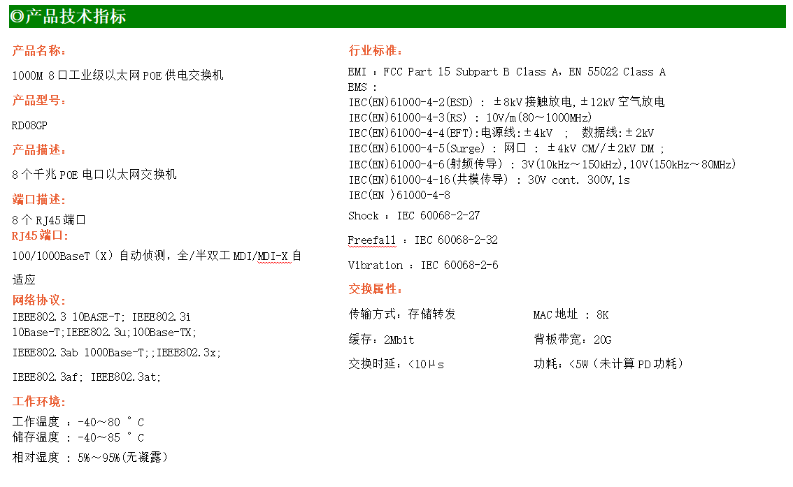 8路千兆電口工業級以太網POE交換機,支持8個100Base-T/1000Base-TX POE電口。產品符合FCC、CE、ROHS標準。RD08GP交換機具有-40℃~80℃的工作溫度,具有超強的堅固度能適應各種嚴苛環境,也可以非常方便的安置在空間緊湊的控制箱中。導軌的安裝特性、寬溫操作及擁有IP40防護等級的外殼及LED指示燈,使RD08GP成為一個即插即用的工業級設備,為用戶的以太網設備聯網提供可靠、便捷的解決方案。
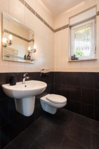 - 2 łazienki + dodatkowe WC, co daje komfort nawet dużej rodzinie.
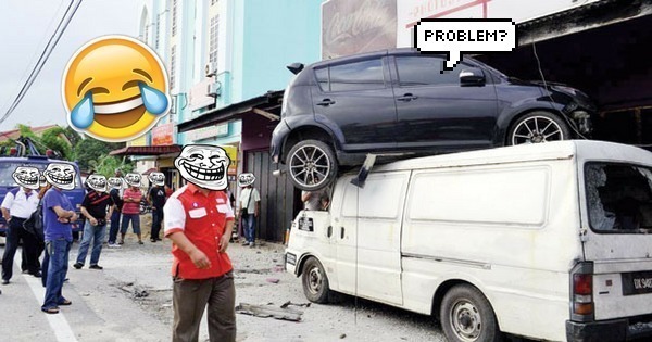 Kalau tengok pada gambar di atas, kita akan tertanya macam mana kereta Myvi tu boleh terbang dengan posisi macam tu? Dah macam dalam filem P.Ramlee, Seniman Bujang Lapok. Masa scene ekzos buloh tu. Ingat tak? Tapi segalanya tidak mustahil untuk Myvi yang memerlukan pecutan yang sangat tinggi untuk terbang setinggi tu. Tak tercapai dek akalmu.
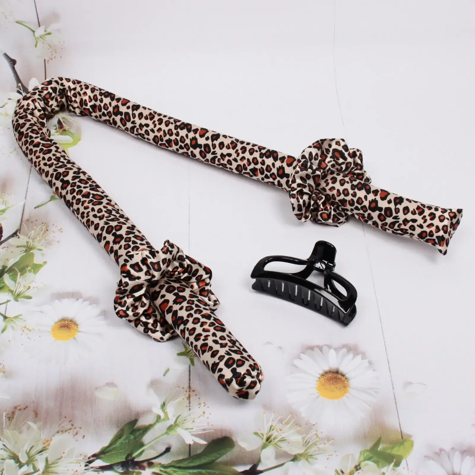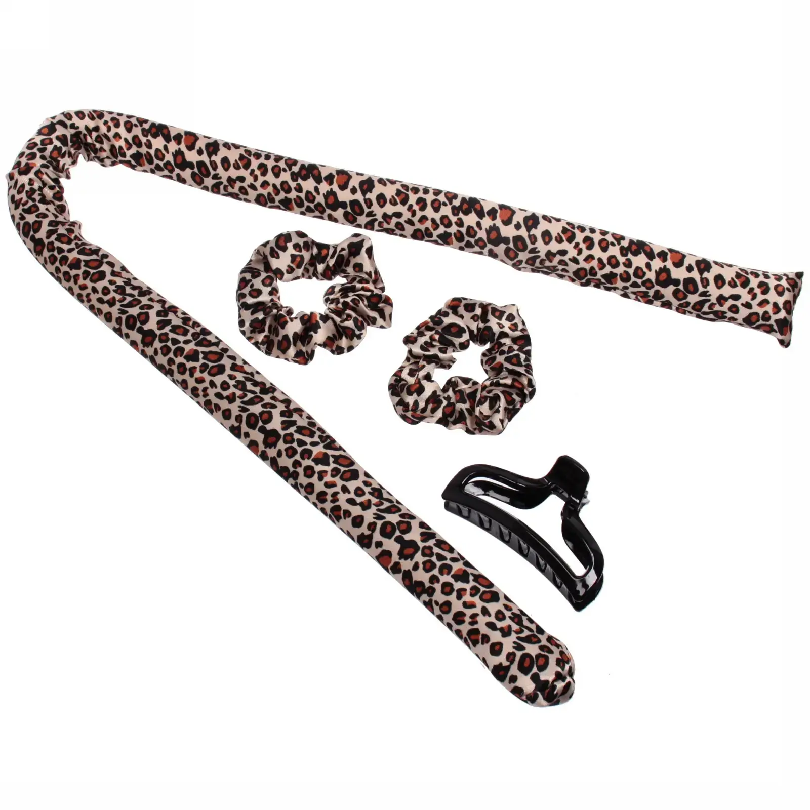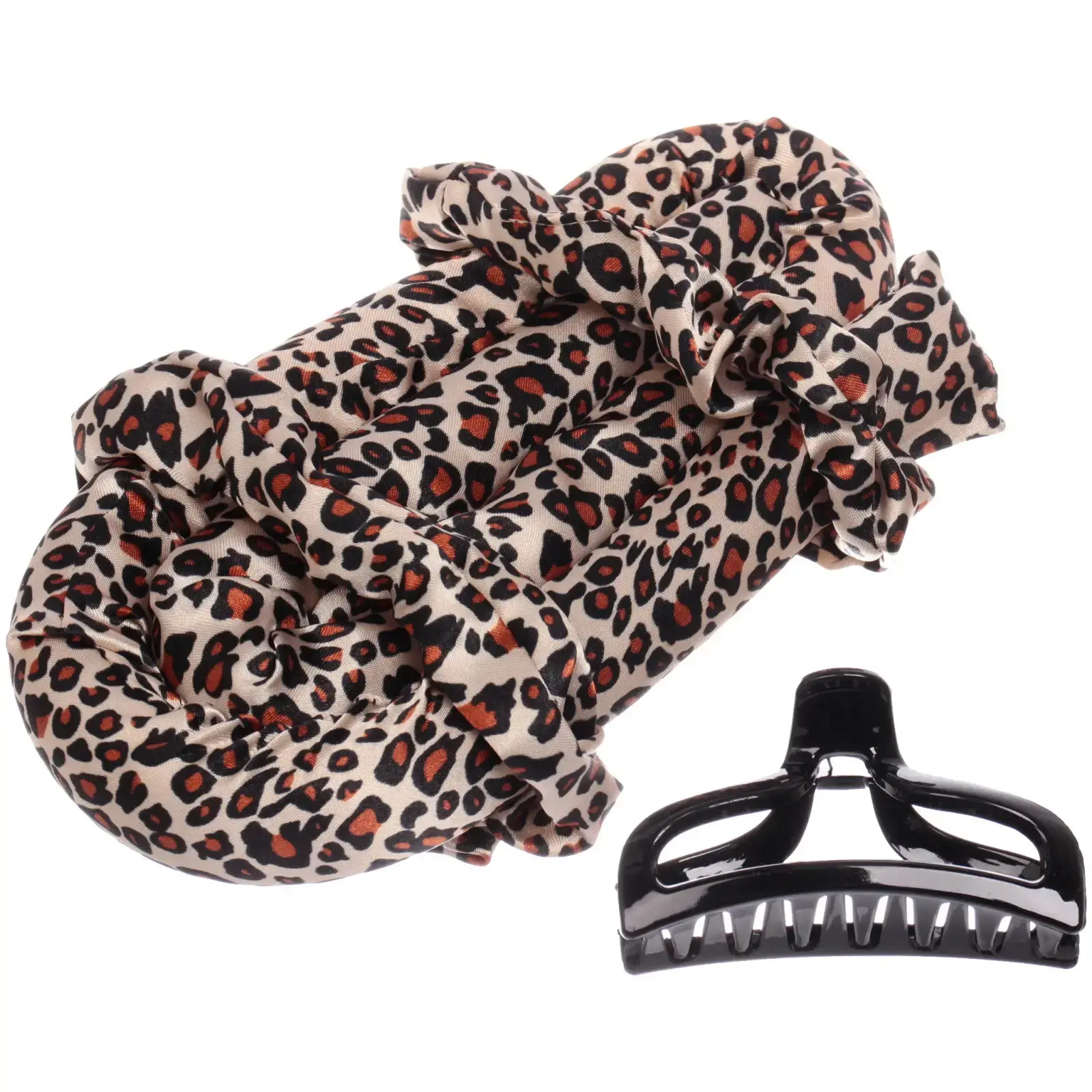 Эти бигуди не только удобны в использовании, но и позволяют вам экспериментировать с прическами. В комплект входят все необходимые элементы для укладки: 2 резинки диаметром 12 см, крабик-заколка размером 10*5 см и ободок для бигуди длиной 90 см. Материалы, из которых изготовлены аксессуары, обеспечивают долговечность и надежность. Бигуди имеют стильный леопардовый принт, который добавляет изюминку в ваш образ.
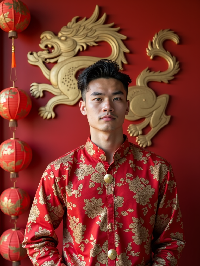 a stunning model in contemporary fashion with traditional Chinese touches, capturing their festive look against a backdrop of Chinese zodiac symbols and Chinese New Year decorations
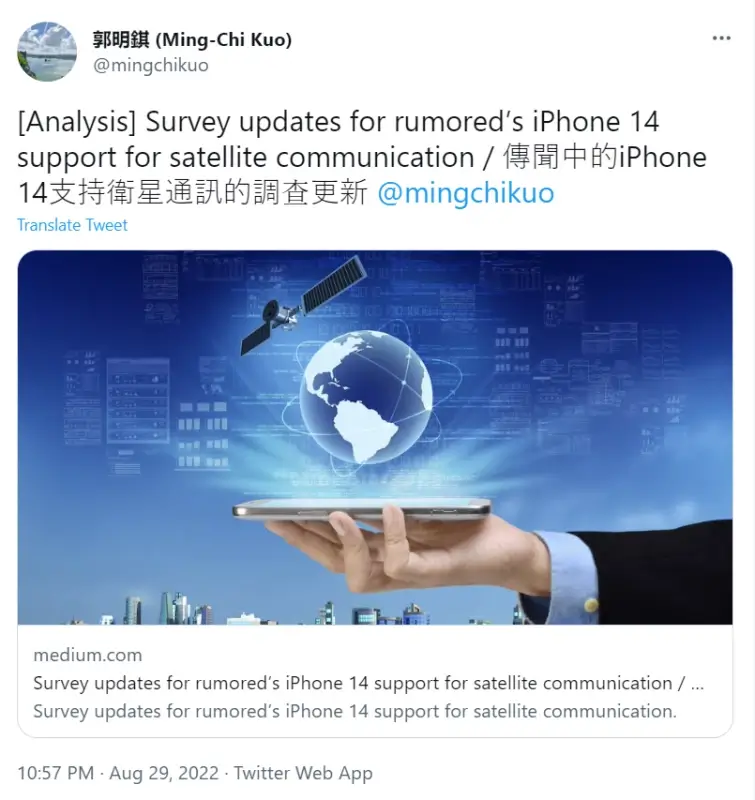 Ming-Chi Kuo cho biết Apple có hỗ trợ phần cứng cho kết nối vệ tinh, nhưng dòng iPhone 14 / Pro có hỗ trợ truyền thông qua vệ tinh hay không phụ thuộc vào “liệu Apple và các nhà mạng có thể tìm ra mô hình kinh doanh hay không ? IPhone 13 / Proline của Apple cũng có phần cứng vệ tinh nhưng không có khả năng kết nối vì “mô hình kinh doanh chưa được đưa ra.
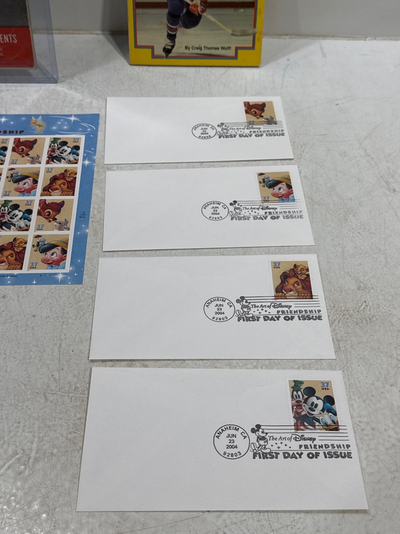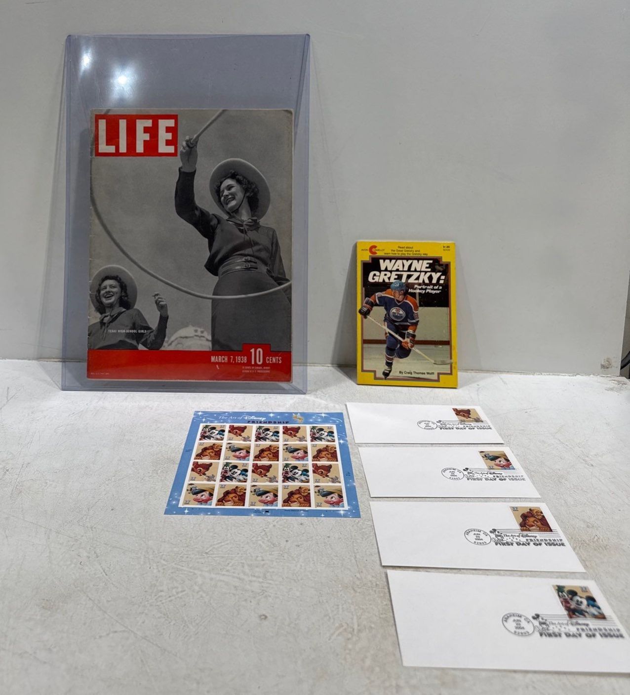 Collection of Life Magazine, Wayne Gretzsky Book, and Disney Friendship Stamps
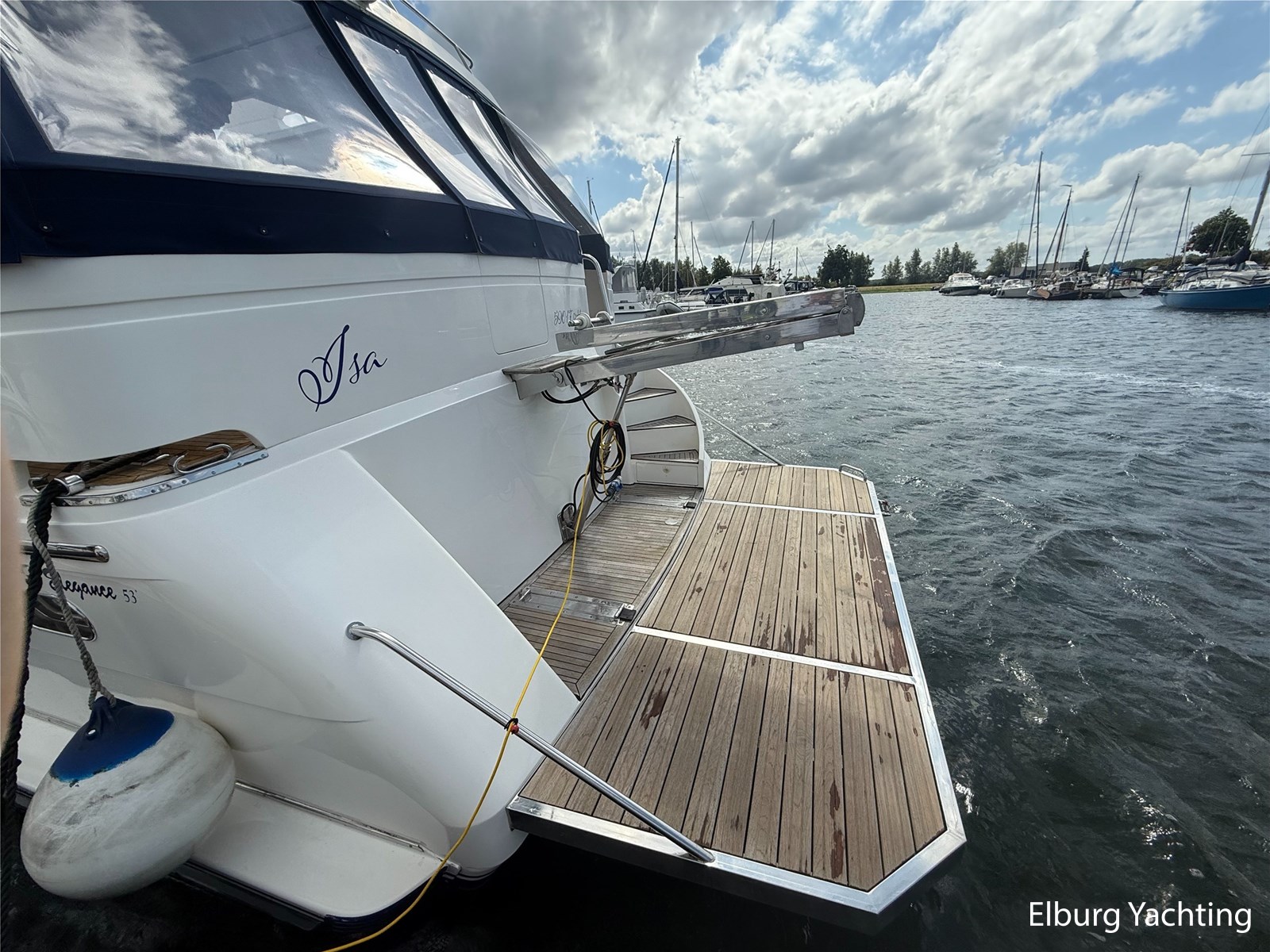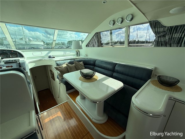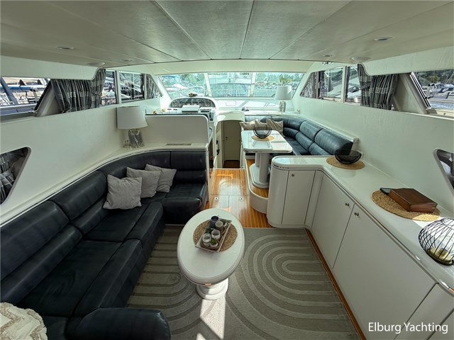 Deze Elegance 53 is een veelzijdig schip met veel ruimte zowel boven als benedendeks. Door haar layout met een achterdek en flybridge biedt het schip veel bruikbare buitenruimte. Verder is er voor de afwerking gebruik gemaakt van hoogwaardige materialen. Deze Elegance wordt verder geleverd met o.a: groot zwemplatform, r.v.s. gangway, luie trap naar zwemplatform, dubbele r.v.s. reling, overdekt achterdek, flybridge, eigenaarshut met aparte ingang achterin salon, schuifraam in salon, volledige tent rondom achterdek (2023), anti fouling (2025), romp gepoetst (2025), boegschroef vernieuwd 2020, bimini op flybridge, vaatwasser.

────

▶ [Your assignment]: Every line above should be transcribed exactly, though no image should be carried over.

▶ [Task solution]:
 8路千兆電口工業級以太網POE交換機,支持8個100Base-T/1000Base-TX POE電口。產品符合FCC、CE、ROHS標準。RD08GP交換機具有-40℃~80℃的工作溫度,具有超強的堅固度能適應各種嚴苛環境,也可以非常方便的安置在空間緊湊的控制箱中。導軌的安裝特性、寬溫操作及擁有IP40防護等級的外殼及LED指示燈,使RD08GP成為一個即插即用的工業級設備,為用戶的以太網設備聯網提供可靠、便捷的解決方案。
 - 2 łazienki + dodatkowe WC, co daje komfort nawet dużej rodzinie.
 Kalau tengok pada gambar di atas, kita akan tertanya macam mana kereta Myvi tu boleh terbang dengan posisi macam tu? Dah macam dalam filem P.Ramlee, Seniman Bujang Lapok. Masa scene ekzos buloh tu. Ingat tak? Tapi segalanya tidak mustahil untuk Myvi yang memerlukan pecutan yang sangat tinggi untuk terbang setinggi tu. Tak tercapai dek akalmu.
 Эти бигуди не только удобны в использовании, но и позволяют вам экспериментировать с прическами. В комплект входят все необходимые элементы для укладки: 2 резинки диаметром 12 см, крабик-заколка размером 10*5 см и ободок для бигуди длиной 90 см. Материалы, из которых изготовлены аксессуары, обеспечивают долговечность и надежность. Бигуди имеют стильный леопардовый принт, который добавляет изюминку в ваш образ.
 a stunning model in contemporary fashion with traditional Chinese touches, capturing their festive look against a backdrop of Chinese zodiac symbols and Chinese New Year decorations
 Ming-Chi Kuo cho biết Apple có hỗ trợ phần cứng cho kết nối vệ tinh, nhưng dòng iPhone 14 / Pro có hỗ trợ truyền thông qua vệ tinh hay không phụ thuộc vào “liệu Apple và các nhà mạng có thể tìm ra mô hình kinh doanh hay không ? IPhone 13 / Proline của Apple cũng có phần cứng vệ tinh nhưng không có khả năng kết nối vì “mô hình kinh doanh chưa được đưa ra.
 Collection of Life Magazine, Wayne Gretzsky Book, and Disney Friendship Stamps
 Deze Elegance 53 is een veelzijdig schip met veel ruimte zowel boven als benedendeks. Door haar layout met een achterdek en flybridge biedt het schip veel bruikbare buitenruimte. Verder is er voor de afwerking gebruik gemaakt van hoogwaardige materialen. Deze Elegance wordt verder geleverd met o.a: groot zwemplatform, r.v.s. gangway, luie trap naar zwemplatform, dubbele r.v.s. reling, overdekt achterdek, flybridge, eigenaarshut met aparte ingang achterin salon, schuifraam in salon, volledige tent rondom achterdek (2023), anti fouling (2025), romp gepoetst (2025), boegschroef vernieuwd 2020, bimini op flybridge, vaatwasser.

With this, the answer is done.